Plans were prepared by the city engineer's office in early March 1895. The main argument for its construction was that a tunnel providing an additional opening on the north would lessen the constantly increasing traffic (horses, buggies and wagons), which was causing a dangerous jam at the corner of First and Spring Streets.

===Construction===
Work began on the Broadway Tunnel on November 2, 1899. About 25 men with teams (of animals) moved obstructions out of the way in preparation for the excavation, from the north approach. On the morning of January 20, 1900, a laborer was buried under about 20 tons of earth at the north end of the tunnel. The wood bracing fell over the man in such a manner that he was saved from being crushed to death.

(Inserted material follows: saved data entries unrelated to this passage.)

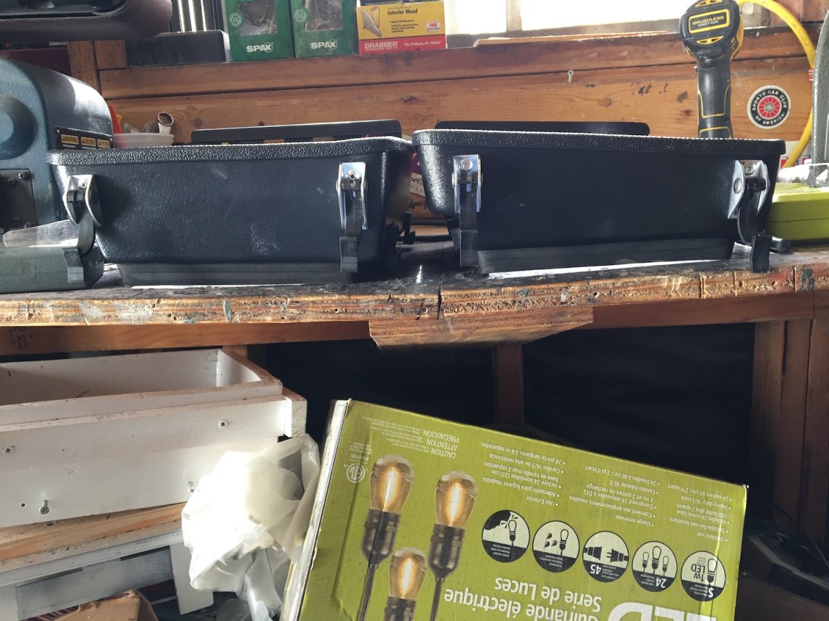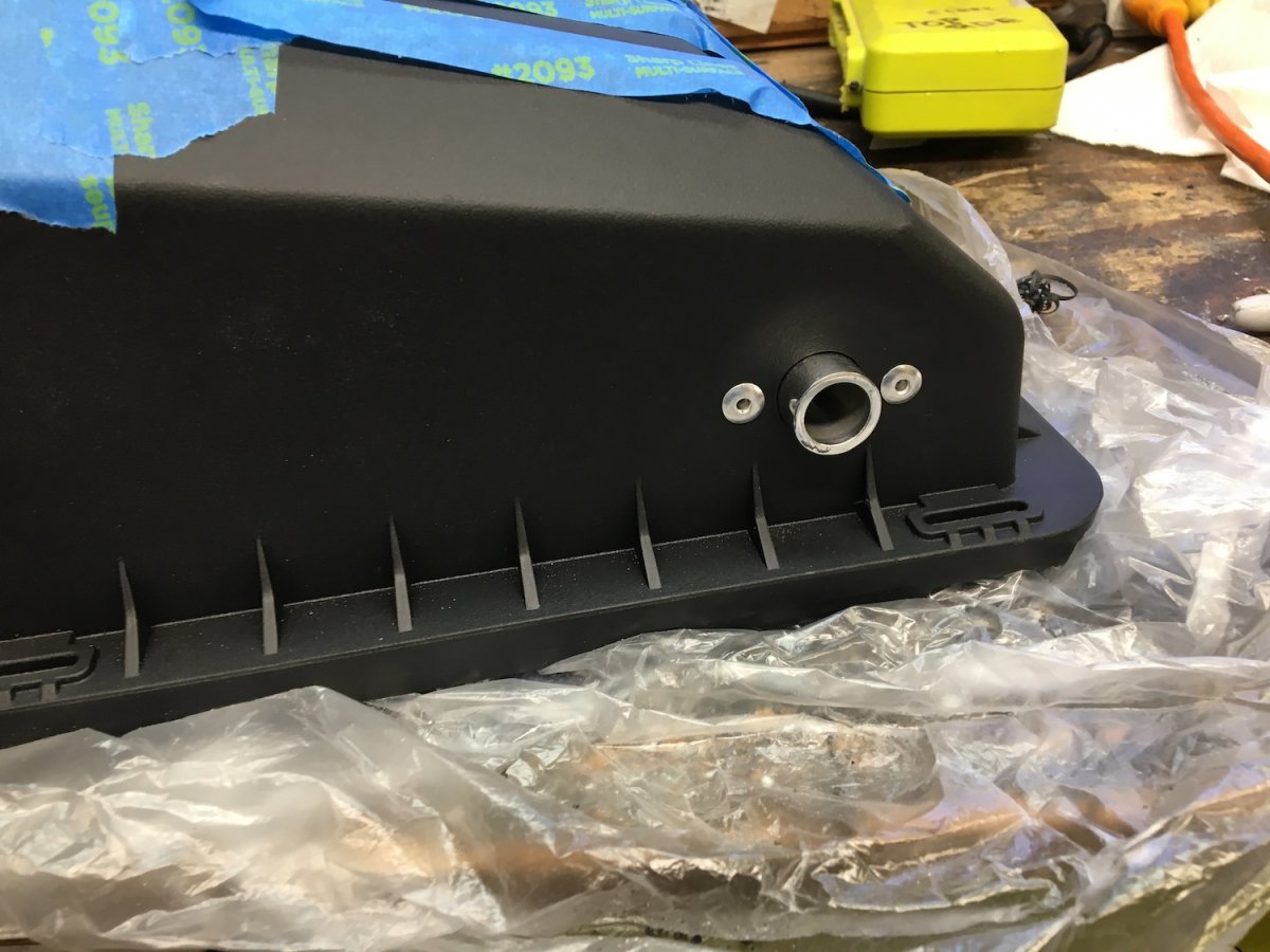 12. Got up early today to avoid the heat. I worked on a lid for the Aux Air today and installed the Sensor port. I am still waiting the Aluminum tube for the Flex hose, but at least the lid is ready when it arrives. This is the jig for drilling the Aux Air hole. The lid bolts to it. Once the lid is bolted to the jig, it is mounted into the drill press. The jig holds the lid at the correct angel for the cut. A special bit is used to achieve a clean cut. I only get one chance so it is measure three times, double check twice, cross my fingers and drill. the hole. A nice clean hole drilled into an uneven surface ready for the aluminum tube that the Flax hose attaches to,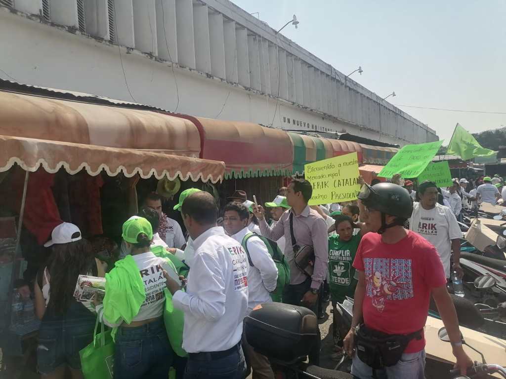 Después de su recorrido de más de tres horas en el interior del mercado municipal, se dirigió a las calles cercanas, como Galeana y Altamirano, donde choferes del transporte público y de vehículos particulares detenían su vehículo para que les colocarán propaganda de Erik Catalán y de la coalición Morena-Verde-PT.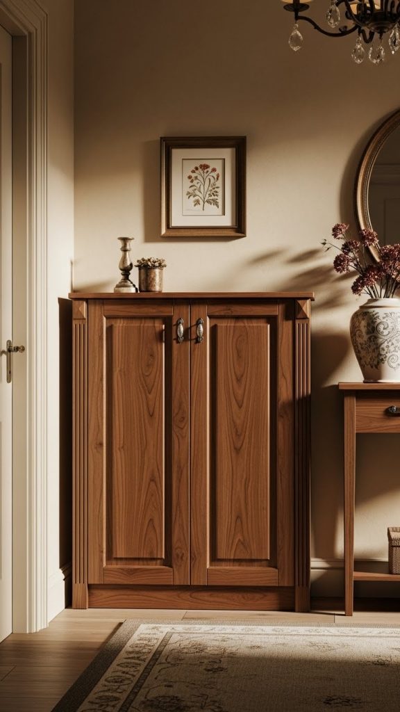 Placed near the main entrance or in a hallway, a wooden closed shoe rack adds both functionality and timeless style.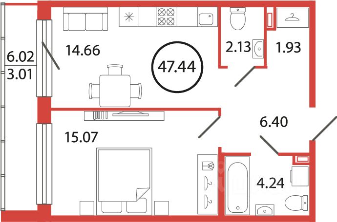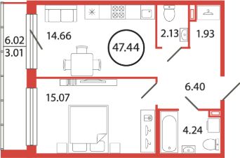Продаётся 1 комнатная квартира в жилищном комплексе "Энфилд" (корпус Дом 21 Секция 1). Общая площадь 47,44 кв. м, площадь комнат 15,07 кв.м. 2 санузла. Квартира расположена на 2 этаже 12 этажного дома. Срок сдачи корпуса IV квартал 2027 года.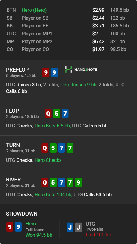 Часто встречаю такую игру и каждый раз думаю, что сеты и стриты так пушить слишком тупо даже для фиша. Шас захотелось вскрыть. Надо взять за правило подобные коллы делать максимум в 100бб эфф. стеках, тут всё-таки было аж 125+

The tunnel required more than 50,000 cubic yards (38 227.75 m^{3}) of elevation, 4,000 cubic yards (3 058.22 m^{3}) of concrete and 1.25 million of bricks to line it. With the exception of the tunnel in Fairmount Park in Philadelphia, which was 41 ft in diameter, but only 140 ft long, the Broadway Tunnel was the widest tunnel of its type in the U.S., and possibly in the world, at that time. According to an article in the Los Angeles Times, the Third Street Tunnel, which was also nearing completion at the time, could have been put inside the Broadway Tunnel leaving enough room for a sidewalk 8 ft wide.

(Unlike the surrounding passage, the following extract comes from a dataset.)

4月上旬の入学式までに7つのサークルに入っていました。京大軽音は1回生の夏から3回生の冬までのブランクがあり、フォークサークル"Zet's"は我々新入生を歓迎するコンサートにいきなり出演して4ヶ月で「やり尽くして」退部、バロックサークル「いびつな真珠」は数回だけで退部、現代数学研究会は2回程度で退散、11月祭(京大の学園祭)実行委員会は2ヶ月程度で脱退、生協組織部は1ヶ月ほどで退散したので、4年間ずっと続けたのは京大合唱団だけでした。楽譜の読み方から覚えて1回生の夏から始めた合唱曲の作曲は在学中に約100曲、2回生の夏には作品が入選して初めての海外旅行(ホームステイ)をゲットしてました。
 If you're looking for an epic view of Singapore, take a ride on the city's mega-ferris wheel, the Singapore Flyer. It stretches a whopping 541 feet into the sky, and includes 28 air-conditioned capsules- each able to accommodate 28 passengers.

The Broadway Tunnel was completed and opened for traffic on Saturday, August 17, 1901. It was 760 ft long, 40 ft wide and 22 ft high, with a grade of 6 in 100, falling toward the east. The cost in its construction was $66,000.

===Reconstruction===
The Broadway Tunnel was closed for reconstruction in 1915. The roadway was lowered to decrease the grade, wood block flooring was installed to provide a noiseless surface for the traffic of teams and automobiles, and a false roof built inside the original shell. Because of the lowering, it was necessary to make a cut of 14 ft in California Street, and to change the grade of North Broadway from Temple Street to the tunnel. The concrete archway of the Broadway Tunnel was 20 ft high, and the entire bore was lined with white glazed tile. The stairway on the outer face of the southern portal was extended to a rise of 65 ft to Fort Moore Hill.

The work was completed and the Broadway Tunnel reopened in early February 1916. Due to the importance of the artery of travel, through which thousands of automobiles, teams and pedestrians would be passing daily, an event was held on Saturday, February 19, formally turning the tunnel over to the city, with the Automobile Club of Southern California in charge.

===Closure===
The Broadway Tunnel was closed on June 2, 1949. It was demolished for the construction of the new Hollywood Freeway (U.S. Route 101) through Downtown. The route cut through Fort Moore Hill and made it necessary for a Broadway overpass to be built across the freeway at the former Broadway Tunnel site.